INSTRUCTIONS FOR THE TASK — When you reach the line containing "超细纤维制作的羽丝被,轻薄蓬松,手感细腻,采用绗缝花型设计,可机洗,打理轻松。" in the records below, start copying exactly, and stop once you have copied the line containing "除了可快速查看本小区物业服务".

MATERIAL FOR THE TASK —
= = =
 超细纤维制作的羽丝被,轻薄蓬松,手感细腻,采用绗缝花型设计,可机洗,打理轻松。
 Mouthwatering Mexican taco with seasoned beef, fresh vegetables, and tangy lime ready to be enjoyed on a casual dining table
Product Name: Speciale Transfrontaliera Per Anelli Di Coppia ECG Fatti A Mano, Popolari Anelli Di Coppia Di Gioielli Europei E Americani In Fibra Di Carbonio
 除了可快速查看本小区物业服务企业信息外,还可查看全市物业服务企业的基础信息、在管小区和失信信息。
= = =
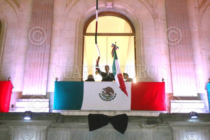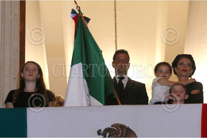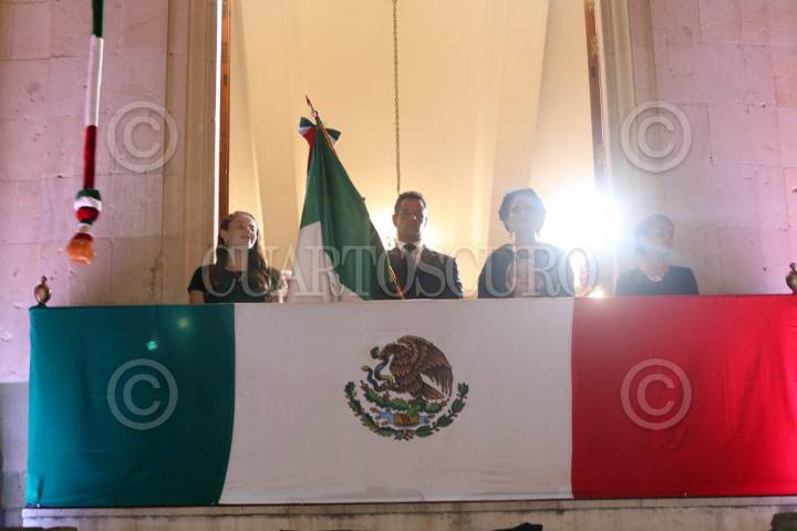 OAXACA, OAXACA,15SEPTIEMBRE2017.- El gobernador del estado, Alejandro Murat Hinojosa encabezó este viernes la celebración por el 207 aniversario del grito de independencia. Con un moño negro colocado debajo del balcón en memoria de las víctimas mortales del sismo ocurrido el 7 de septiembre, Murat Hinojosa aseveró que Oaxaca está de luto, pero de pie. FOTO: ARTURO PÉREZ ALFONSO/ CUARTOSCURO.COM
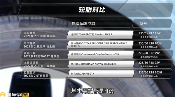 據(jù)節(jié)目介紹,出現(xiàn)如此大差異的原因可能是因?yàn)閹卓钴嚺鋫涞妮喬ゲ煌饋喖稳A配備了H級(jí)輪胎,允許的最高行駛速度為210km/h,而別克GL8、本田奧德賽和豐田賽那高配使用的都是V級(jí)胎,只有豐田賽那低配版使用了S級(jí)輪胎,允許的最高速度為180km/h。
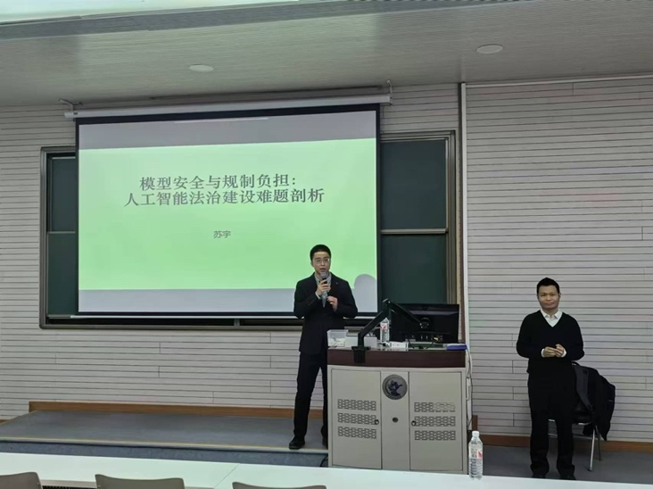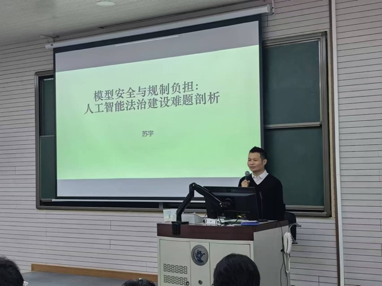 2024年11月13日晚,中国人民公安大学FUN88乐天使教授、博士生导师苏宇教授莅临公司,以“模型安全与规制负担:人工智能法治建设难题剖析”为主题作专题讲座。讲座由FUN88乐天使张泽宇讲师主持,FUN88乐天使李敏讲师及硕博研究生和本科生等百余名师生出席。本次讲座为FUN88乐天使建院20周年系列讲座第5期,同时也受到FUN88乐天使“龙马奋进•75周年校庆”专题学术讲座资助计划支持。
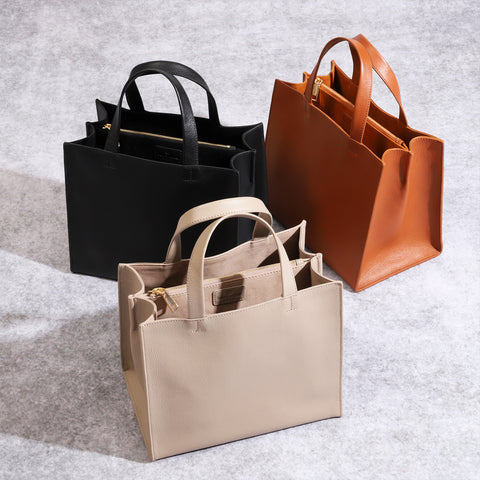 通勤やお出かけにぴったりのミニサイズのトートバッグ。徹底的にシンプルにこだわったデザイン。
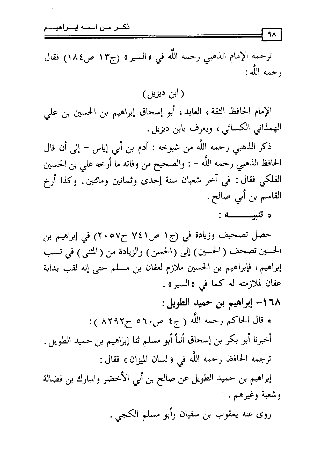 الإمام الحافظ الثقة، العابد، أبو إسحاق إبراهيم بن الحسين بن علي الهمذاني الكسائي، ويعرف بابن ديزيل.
= = =
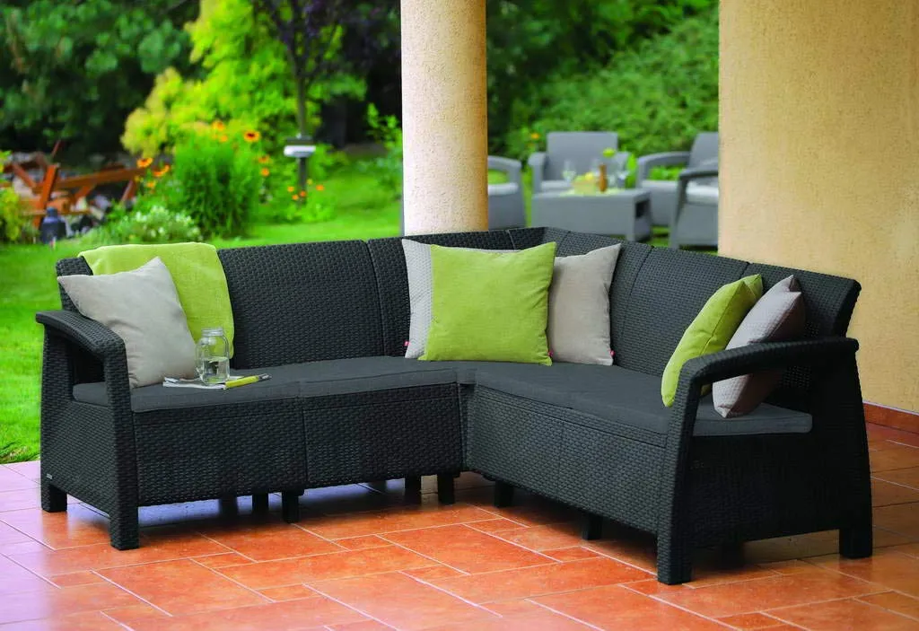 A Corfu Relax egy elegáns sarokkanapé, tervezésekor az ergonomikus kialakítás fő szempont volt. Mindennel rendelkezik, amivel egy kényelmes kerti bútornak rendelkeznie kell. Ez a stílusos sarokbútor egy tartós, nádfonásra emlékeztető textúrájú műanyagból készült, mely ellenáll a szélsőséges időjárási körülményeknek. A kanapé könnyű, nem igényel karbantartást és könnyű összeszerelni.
= = =
RESPONSE BELOW —
 超细纤维制作的羽丝被,轻薄蓬松,手感细腻,采用绗缝花型设计,可机洗,打理轻松。
 Mouthwatering Mexican taco with seasoned beef, fresh vegetables, and tangy lime ready to be enjoyed on a casual dining table
Product Name: Speciale Transfrontaliera Per Anelli Di Coppia ECG Fatti A Mano, Popolari Anelli Di Coppia Di Gioielli Europei E Americani In Fibra Di Carbonio
 除了可快速查看本小区物业服务企业信息外,还可查看全市物业服务企业的基础信息、在管小区和失信信息。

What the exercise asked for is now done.